For Meg Reyes, caregiving is an act of love and endurance. Her husband, Juan, a veteran living with ALS, depends on her not only for care but for companionship, laughter, and hope. Yet behind her steady smile sits a profound reality marked by devotion and grief.
The hardest part, Meg says, isn’t the daily tasks or endless to-do lists. It’s something deeper and more complex to name. “If I pick one challenge, it would be living in anticipatory grief,” she explains. “Seeing my soulmate, the love of my life, diminishing in front of my eyes and grieving the life we will never have.”
Amid that heartbreak, Meg has built a lifeline of support that keeps her grounded. Her neighborhood, she says, has become her “tribe,” people who create space for laughter, connection, and care outside of ALS.
“They make sure I have time for me without ALS,” she says. “They also give me grace when I need to vent, cry, or just talk about my challenges.”
That sense of balance extends to the moments Meg carves out for herself, small but vital breaks remind her she’s more than a caregiver. She works out, goes to book club, plays Bunco, enjoys wine nights, and focuses on what she can do.
“I make sure I give myself time to do things that can take my mind off my ALS life,” she says. “I also try to focus on what I can accomplish versus what I can’t.”
As a veteran caregiver mentee, Meg also offers her time to help others on similar journeys. She says the support they receive through veteran programs has been life-changing but she recognizes that not every ALS family has access to the same resources.
“We are fortunate we have veteran support,” Meg says. “I wish other non-veterans had the same help with finances to afford caregiving.
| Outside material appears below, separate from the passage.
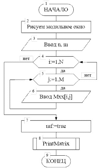 3 блок – вводим количество строк n, количество столбцов m, 4-6 блоки – вводим элементы матрицы, 7 блок – устанавливаем флаг в true, т. е. матрица введена, 8 блок – выводим матрицу в окне программы.

I want people to have what they need while dealing with a terminal disease and be able to live as a spouse, not just a caregiver.”
Ultimately, Meg hopes that every caregiver, veteran or not, can find the same peace she strives for: the freedom to spend memorable, meaningful time with the person they love.
“I would love their time with their spouse to be memorable,” she says, “rather than caring for someone who’s dying.”